December 30 – January 5 (Published January 8th)
PERSPECTIVES by Todd White
11 Crypto Private Financings Raised: $42.2M
Rolling 3-Month-Average: $194M
Rolling 52-Week Average: $204M
The convergence of crypto and digital assets into traditional finance has been gaining momentum for some time. Initially conceived as an alternative to traditional finance, the evolving story of digital assets now seems more likely to be one of integration rather than disruption or displacement. We’ve seen this play out in multiple areas, from brokerages such as Robinhood and Interactive Brokers offering crypto trading, to the growing momentum of BTC and ETH ETFs, the increasing tokenization of other real-world assets, and the potential integration of stablecoins into payment and remittance systems. As crypto gains acceptance as a legitimate asset class, we’ve even heard calls for allocations to bitcoin and crypto within sovereign reserves and individual investment portfolios.
Yet from a capital markets perspective, the paths to raising capital have remained somewhat distinct, with companies and entrepreneurs using either traditional instruments or token offerings to raise funds. Investor support for efforts to combine the two worlds through security token offerings has underwhelmed.
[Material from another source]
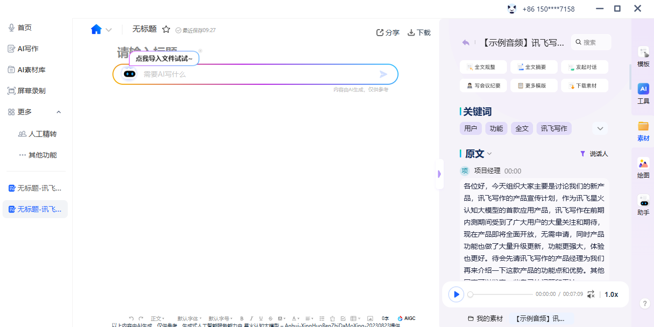 6、编辑优化:依据语义自动优化语气词,智能区分音频角色及段落。
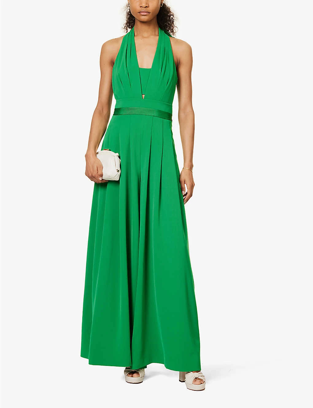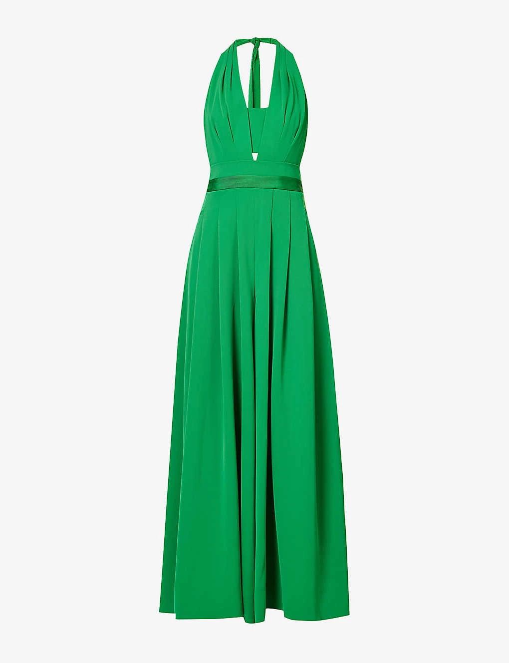 - Regular fit, halterneck, plunge V-neck, sleeveless, wide leg, two slip pockets at front, pleats at front, shirred panel at back, darts at back, welt pocket at back

Fold, Inc., a bitcoin-focused financial services company, may be breaking that trend. Founded in 2019 as a place to exchange unwanted gift cards for bitcoin, Fold has now evolved to offer broader financial services, including a bitcoin cash-back debit card, merchant rewards, and consumer bill payment rewards, all coupled with insured custody and no-fee trading. In many ways, Fold’s business model demonstrates the convergence of crypto with the traditional.
On December 30, Fold announced a convertible bond financing that may be expanding the realm of that convergence. The deal includes a $20 million convertible bond from ATW Partners, with a potential $10 million increase pending Fold’s planned listing and entry into public capital markets through its announced combination with FTAC Emerald Acquisition Corp. The convertible notes are secured by Fold’s assets, including a portion of the company’s proprietary bitcoin holdings.
While other companies such as MicroStrategy and Marathon Digital Holdings have issued convertible notes to fund bitcoin purchases, Fold’s use of digital assets as collateral represents a novel approach in traditional debt financing structures. This kind of innovation to meet capital needs could prove fruitful for others holding significant amounts of digital assets on their balance sheets, as the lines between the traditional and the digital continue to blur.